Keeping Divorce Records Secret?

You need to read this column by Howard Troxler in the St. Petersburg Times on the discussion in Florida about keeping divorce court records secret. There’s a move afoot to restrict sharply the information that the public will be able to see about divorce cases. Predictably, journalists think that’s a terrible idea.

The nice thing about newspaper columns is that, every now and then, good writers write them. Clearly, Howard Troxler writes well. Try this:

Secret courts are a bad idea.

Secret courts are a bad idea for so many different reasons I can’t list them all.

For starters, when the government accuses somebody of a crime, that person is entitled to a public trial.

That’s an old but good idea. It goes back to one of the reasons we fired the British king and started our own country.

There are lots of other good reasons to keep the courts public. The main one: We have to be able to see what is going on.

Is our legal system operating fairly?
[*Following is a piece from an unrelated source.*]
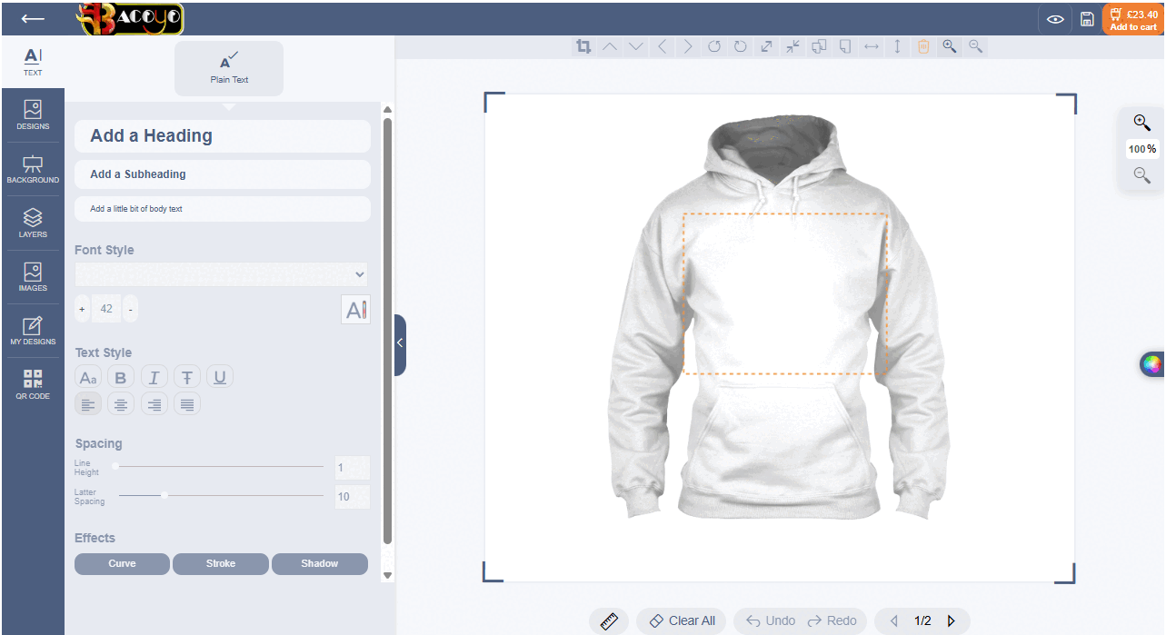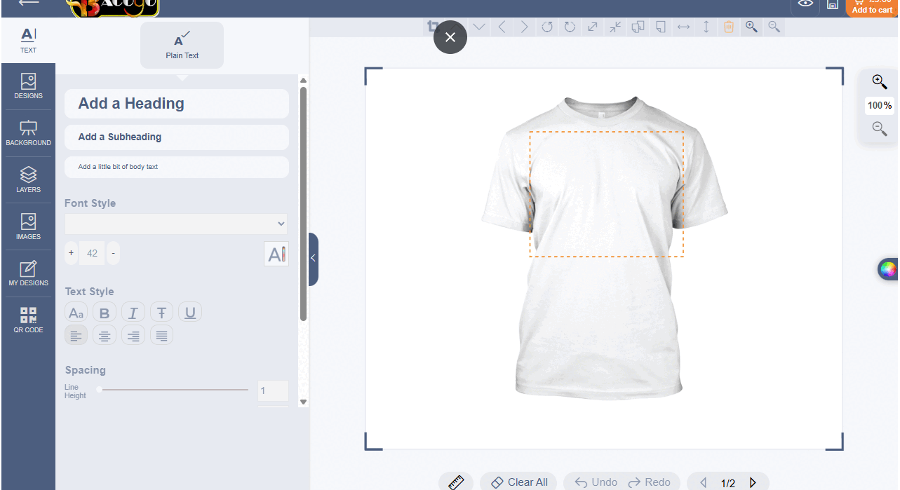 Get ready to step into the next generation of custom fashion and design like never before! With our Next-Gen Design Tool, where creativity meets technology, effortlessly bring your ideas to life with advanced personalization tools: add text, upload your own images, explore a wide range of clipart images, and instantly create stunning, production-ready apparel delivered straight to your door.
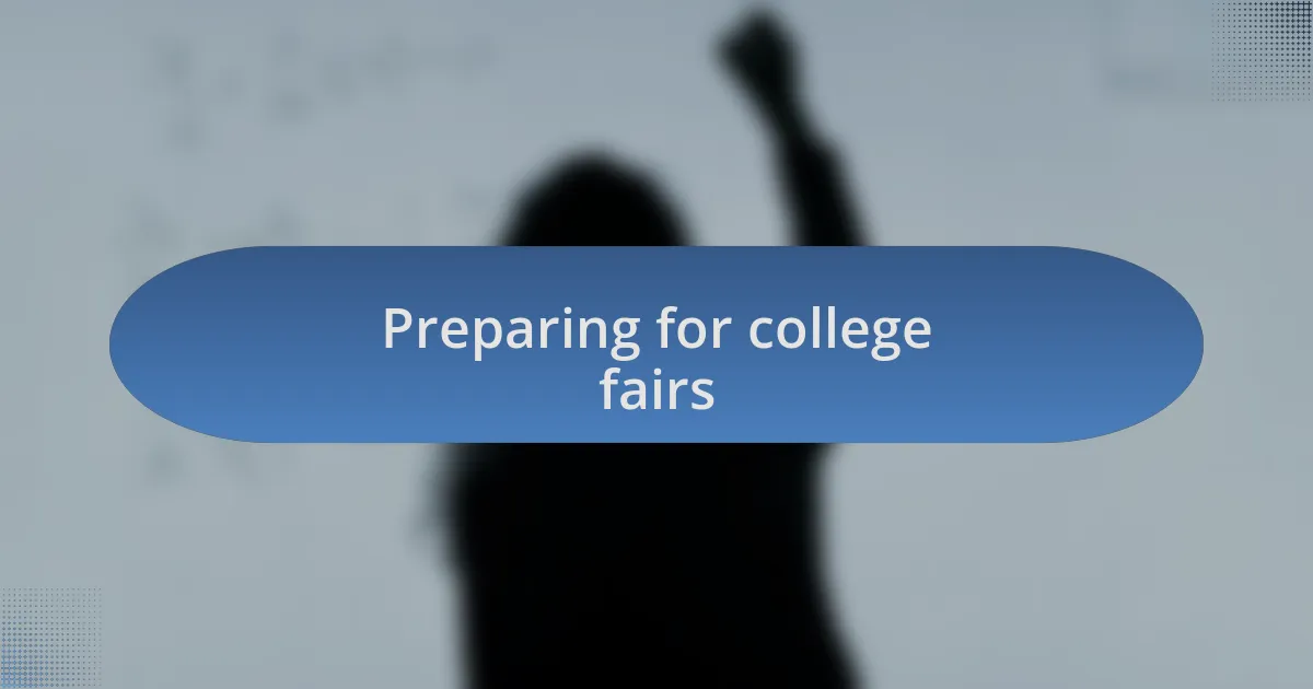 Preparing for college fairs requires a little strategy to maximize your experience. Before attending, I found it incredibly helpful to research the schools that will be present. By reviewing their websites and programs, I could tailor my questions and really engage during conversations. Have you ever walked into an event feeling completely unprepared? Trust me, knowing even a little about the institutions can help you feel more confident and make the most out of your time there.

Is this judge, or that one, abusing his or her power? Are the divorce courts biased? Are the sentences for crooks about right? Is the clerk of court doing a good job?
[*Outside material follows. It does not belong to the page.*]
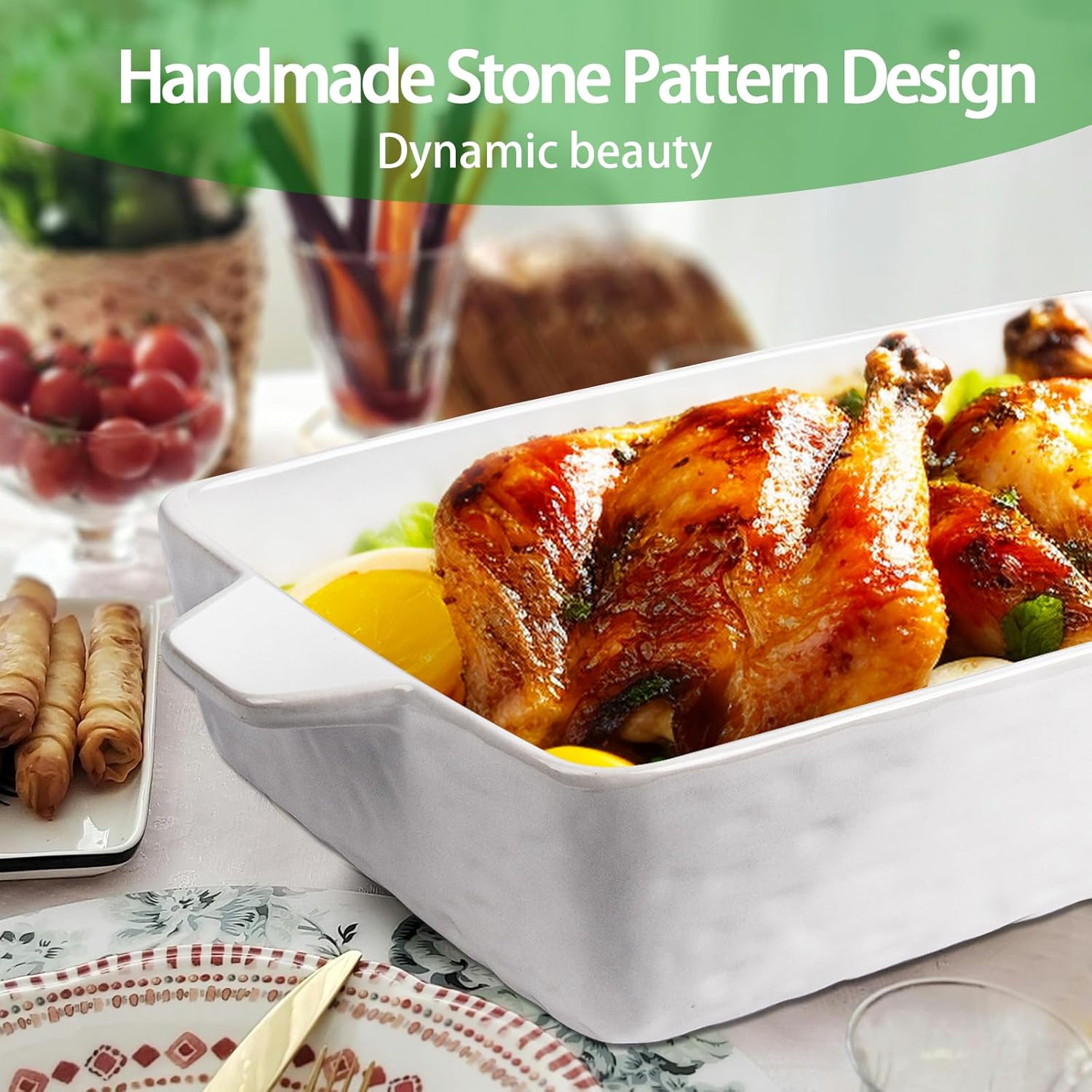 4 QT Baking Dish, Casserole Dishes for Oven, 9x13 Baking Pan with Handles, Lasagna Pan Deep, Ceramic Casserole Dish Oven Safe for Baking, Lasagna, Kitchen, Wedding Gift (White)
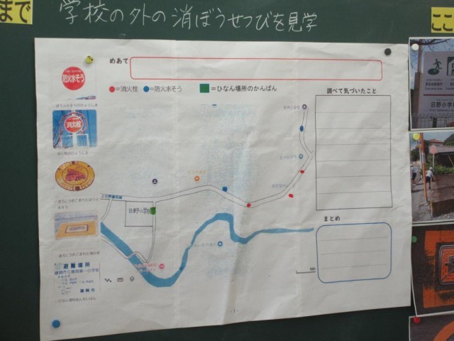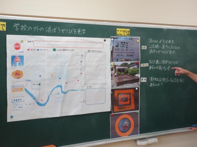 3年生は社会科で自分たちのくらしを守る仕組み作りについて、特に消防のことを調べています。前回学校周辺の防火用水や消火栓がどんなところにあるかを実際に歩いてたしかめ、地図に落とし込んでいきました。今日はそれをもとに話し合い活動をしています。「どうして道路沿いに消火栓や防火用水があるのか」「郵便局の近くにあるのは何か理由があるのか」など自分たちが疑問に思ったことを出し合っていました。

Each of us might prefer at first blush to keep secret our own lawsuit or divorce case. But think twice – do you really want to take your case into a courthouse where the judge, the lawyers, even the court clerks, operate in secret?

I have a tender ambivalence on this issue. Every day I look into the eyes of hapless men and women who want nothing more than to move on with their lives. Quietly, please, with a measure of dignity if at all possible. Will this appear in the newspaper? No? Good. Can somebody go to the courthouse and read about it? Yes? Well, maybe nobody will notice.

On the other hand, coming to family law as I do from a previous career as a reporter, I find myself saying “Amen” to the Howard Troxlers of the world. Secret courts won’t dispense justice for long. Very soon, secret courts become unfair courts, places where you and I wouldn’t feel comfortable. Yes, painful though it may be, let’s keep our courts and the decisions they render public.